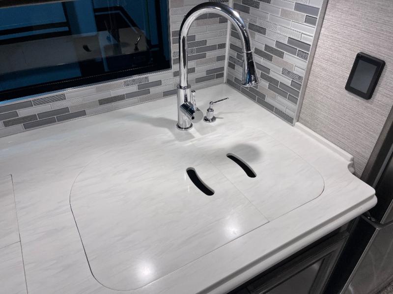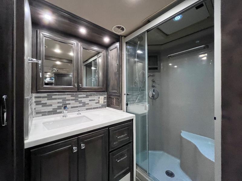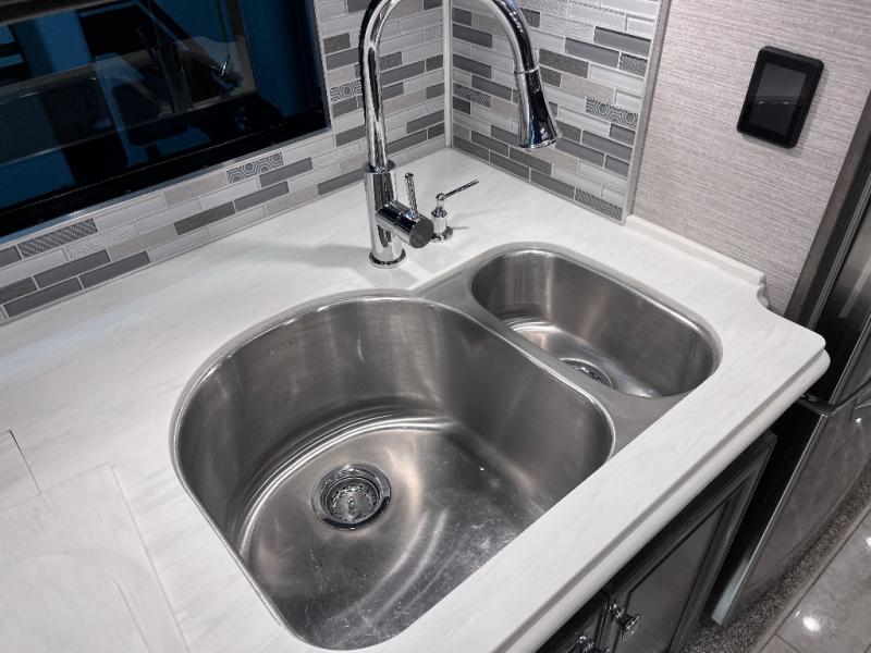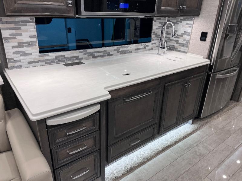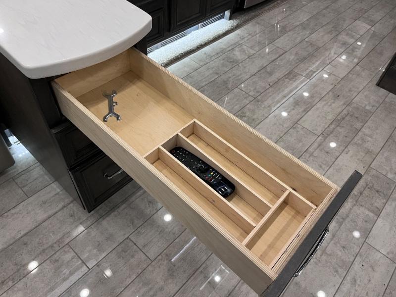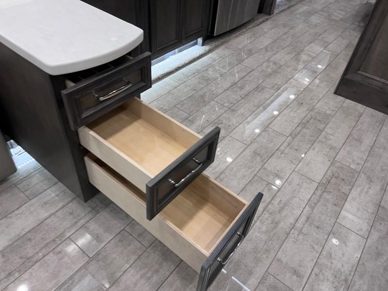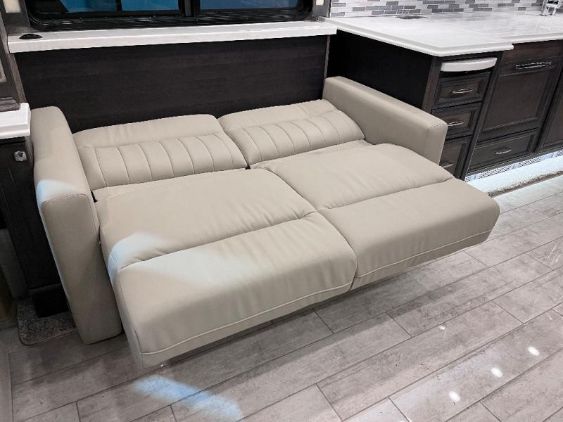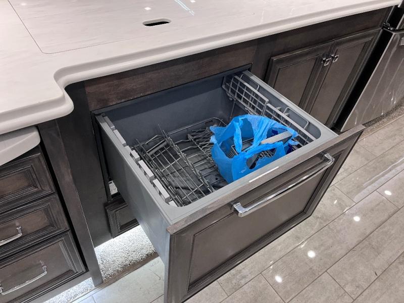 A bath and a half makes life easier on the road with this Phaeton motorhome! The master suite has a queen bed slide across from a wardrobe next a flat panel TV, overhead cabinets, and an egress window, plus access to the full rear bathroom. The bathroom not only has a shower with a seat and a linen closet, but also an area that is prepped to add an optional washer and dryer. The chef can prepare their best meals in the kitchen and clean up will be even easier if you choose to add the optional drawer-type dishwasher. After a long day of traveling, everyone can relax on either the ultraleather air coil sofa bed, the ultraleather DE sofa bed with a lift TV behind it, or play some games at the booth dinette. There are many other options you can add to customize it to fit your style like the optional drop-down front bunk, the recliner with lift TV and fireplace, the U-shaped dinette, a dinette with computer workstation, and theater seating!
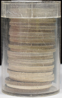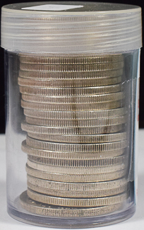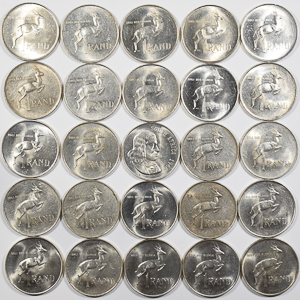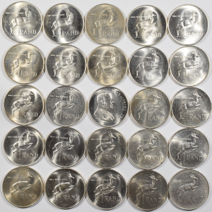 | FC | 33689 | 1967-1969 | SOUTH AFRICA | 1 Rand | Springbok | Tube of 25 Coins | 0.800 | 9.6475 | Silver | Mixed | About Uncirculated to Bril. Uncirculated | $325.00 | ||
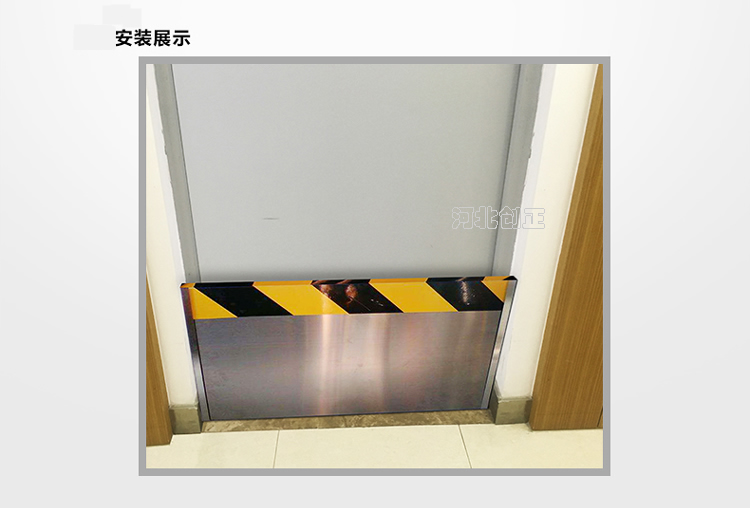 不銹鋼擋鼠板安裝簡單,先將膨脹螺釘(內(nèi)膨脹也叫漲塞)穿入卡槽上的安裝孔,再將兩側(cè)的卡槽沿門框?qū)⑴蛎浡葆斊叫泄潭ǖ介T框兩邊墻體上,卡槽安裝成功。使用時(shí)把擋鼠板順卡槽的內(nèi)徑滑入卡槽之中。不用時(shí)將擋鼠板取出,固定在墻體上的卡槽不影響門的正常開關(guān),不用取下。
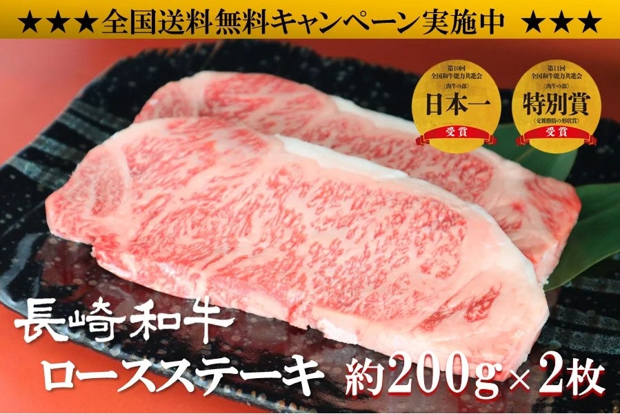 〇 【送料無料】 長崎和牛 ロースステーキ200g×2枚
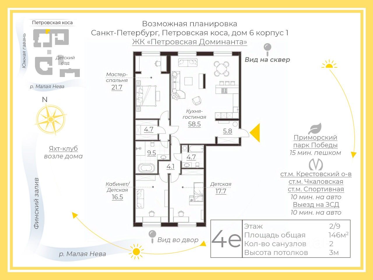 Арт. 129028715 Уникальная семейная квартира с тремя спальнями, продуманной эргономикой и зонированием. Второй такой нет на всём Петровском острове!
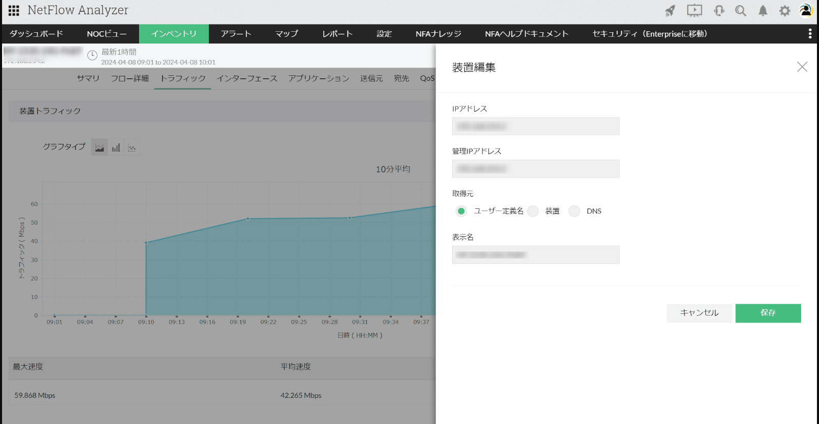 特定の装置情報を編集するには、メニューから[装置情報の編集]をクリックします。「装置編集」画面で、以下3つのオプションから装置情報の取得元を選択して[保存]をクリックします。
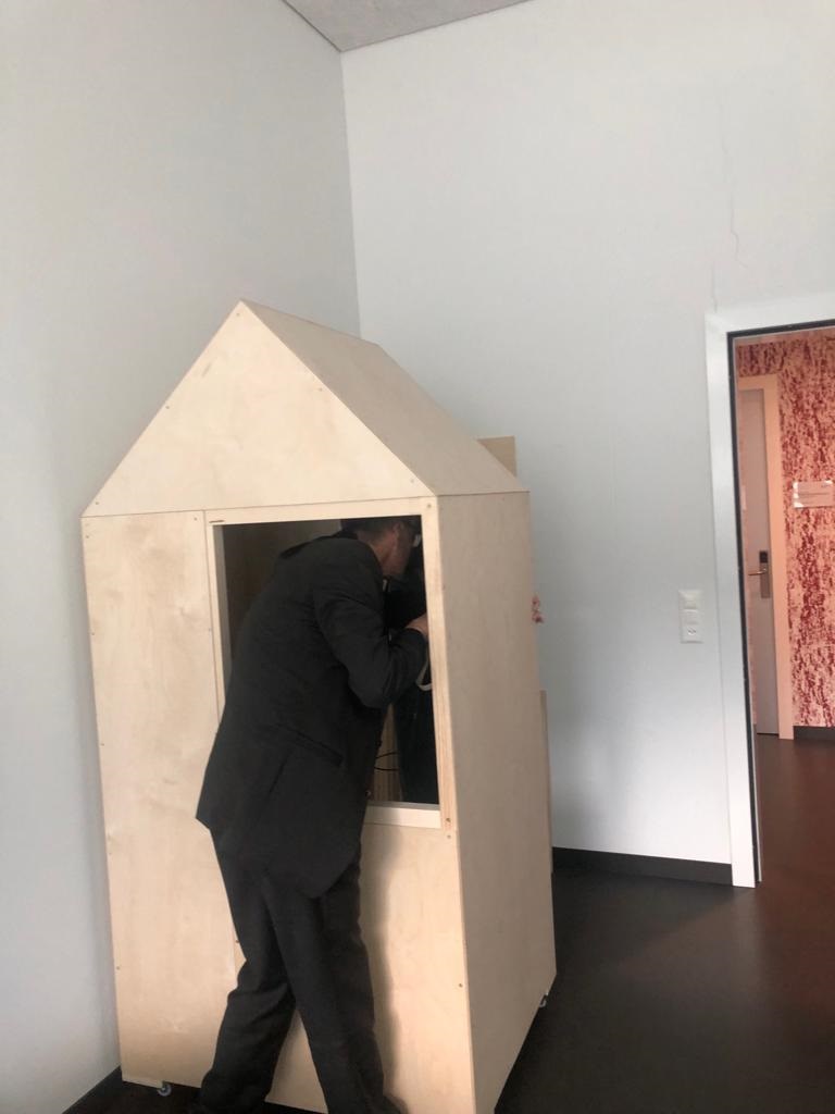 «Was ist da?» wird gefragt, wenn man am Büro von Prof. Preidel vorbei läuft und durch die offene Bürotüre ein eckiges, aus Holz zusammengezimmertes Gebilde sieht.

--------

→ **Task to carry out**: The whole of the data above needs retyping exactly, with pictures omitted.

→ **Response**:
 A bath and a half makes life easier on the road with this Phaeton motorhome! The master suite has a queen bed slide across from a wardrobe next a flat panel TV, overhead cabinets, and an egress window, plus access to the full rear bathroom. The bathroom not only has a shower with a seat and a linen closet, but also an area that is prepped to add an optional washer and dryer. The chef can prepare their best meals in the kitchen and clean up will be even easier if you choose to add the optional drawer-type dishwasher. After a long day of traveling, everyone can relax on either the ultraleather air coil sofa bed, the ultraleather DE sofa bed with a lift TV behind it, or play some games at the booth dinette. There are many other options you can add to customize it to fit your style like the optional drop-down front bunk, the recliner with lift TV and fireplace, the U-shaped dinette, a dinette with computer workstation, and theater seating!
 | FC | 33689 | 1967-1969 | SOUTH AFRICA | 1 Rand | Springbok | Tube of 25 Coins | 0.800 | 9.6475 | Silver | Mixed | About Uncirculated to Bril. Uncirculated | $325.00 | ||
 不銹鋼擋鼠板安裝簡單,先將膨脹螺釘(內(nèi)膨脹也叫漲塞)穿入卡槽上的安裝孔,再將兩側(cè)的卡槽沿門框?qū)⑴蛎浡葆斊叫泄潭ǖ介T框兩邊墻體上,卡槽安裝成功。使用時(shí)把擋鼠板順卡槽的內(nèi)徑滑入卡槽之中。不用時(shí)將擋鼠板取出,固定在墻體上的卡槽不影響門的正常開關(guān),不用取下。
 〇 【送料無料】 長崎和牛 ロースステーキ200g×2枚
 Арт. 129028715 Уникальная семейная квартира с тремя спальнями, продуманной эргономикой и зонированием. Второй такой нет на всём Петровском острове!
 特定の装置情報を編集するには、メニューから[装置情報の編集]をクリックします。「装置編集」画面で、以下3つのオプションから装置情報の取得元を選択して[保存]をクリックします。
 «Was ist da?» wird gefragt, wenn man am Büro von Prof. Preidel vorbei läuft und durch die offene Bürotüre ein eckiges, aus Holz zusammengezimmertes Gebilde sieht.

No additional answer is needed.